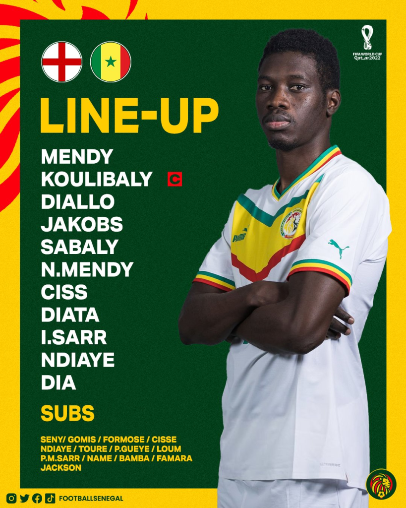 Por otro lado, Senegal no ha tenido un paso arrasador por la fase de grupos, ya que perdió en su debut ante Países Bajos por 2 a 0, supo recomponerse venciendo a Qatar y Ecuador consecutivamente. Si bien en cuanto a individualidades no se iguala al cuadro de los ‘Three Lions’, Senegal cuenta con jugadores de clase mundial como lo son Kalidou Koulibaly, Edouard Mendy y Ismailia Sarr.
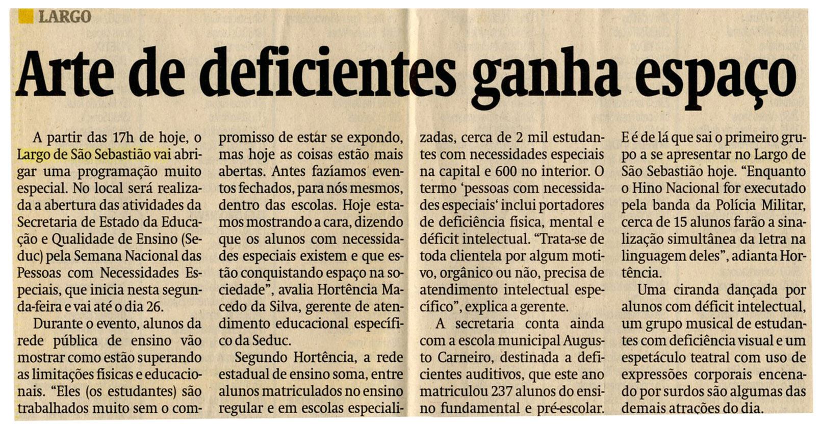 Arte, Deficientes, Sec, Seduc, Semana Nacional das Pessoas com Necessidades Especiais
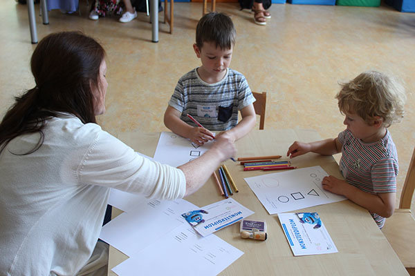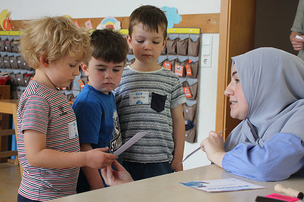 Viele der Vierjährigen waren bei ihrem Flur-Parkour mit Eifer bei der Sache. Anfangs wurde ihr Impfpass und ihr U-Heft überprüft. Im Tausch gab es das Monsterdiplom und den ersten Stempel, um dieses zu bestehen. Weitere fünf konnten an den folgenden Stationen gesammelt werden. Ähnlich wie bei den vorgeschriebenen Kinderuntersuchungen oder später auch bei den Schuleingangsuntersuchungen durften die Vierjährigen malen, hüpfen oder auch Fantasieworte nachsprechen, womit Fein- und Grobmotorik, Sprachfähigkeiten sowie die allgemeine Entwicklung getestet wurden. Begleitet wurden sie dabei von Kinderärztin Tatjana Schäfer, Projektkoordinatorin Kübra Bidil und Fachpersonal des Gesundheitsamts.
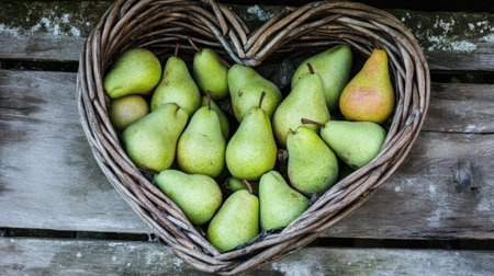 A charming arrangement of fresh green pears nestled in a heart-shaped wicker basket, resting on a weathered wooden surface, showcasing nature's bounty.
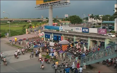 Tại khu công nghiệp Bắc Thăng Long, Hà Nội, có hàng nghìn công nhân lao động đang làm việc, vậy mà chỉ có vài chiếc máy rút tiền tự động của một số ngân hàng như: Agribank, BIDV, Vietcombank...được đặt ở cổng của khu công nghiệp.

----------

Print the records again exactly, pictures excluded.

Solution to this task:
 Por otro lado, Senegal no ha tenido un paso arrasador por la fase de grupos, ya que perdió en su debut ante Países Bajos por 2 a 0, supo recomponerse venciendo a Qatar y Ecuador consecutivamente. Si bien en cuanto a individualidades no se iguala al cuadro de los ‘Three Lions’, Senegal cuenta con jugadores de clase mundial como lo son Kalidou Koulibaly, Edouard Mendy y Ismailia Sarr.
 Arte, Deficientes, Sec, Seduc, Semana Nacional das Pessoas com Necessidades Especiais
 Viele der Vierjährigen waren bei ihrem Flur-Parkour mit Eifer bei der Sache. Anfangs wurde ihr Impfpass und ihr U-Heft überprüft. Im Tausch gab es das Monsterdiplom und den ersten Stempel, um dieses zu bestehen. Weitere fünf konnten an den folgenden Stationen gesammelt werden. Ähnlich wie bei den vorgeschriebenen Kinderuntersuchungen oder später auch bei den Schuleingangsuntersuchungen durften die Vierjährigen malen, hüpfen oder auch Fantasieworte nachsprechen, womit Fein- und Grobmotorik, Sprachfähigkeiten sowie die allgemeine Entwicklung getestet wurden. Begleitet wurden sie dabei von Kinderärztin Tatjana Schäfer, Projektkoordinatorin Kübra Bidil und Fachpersonal des Gesundheitsamts.
 A charming arrangement of fresh green pears nestled in a heart-shaped wicker basket, resting on a weathered wooden surface, showcasing nature's bounty.
 Tại khu công nghiệp Bắc Thăng Long, Hà Nội, có hàng nghìn công nhân lao động đang làm việc, vậy mà chỉ có vài chiếc máy rút tiền tự động của một số ngân hàng như: Agribank, BIDV, Vietcombank...được đặt ở cổng của khu công nghiệp.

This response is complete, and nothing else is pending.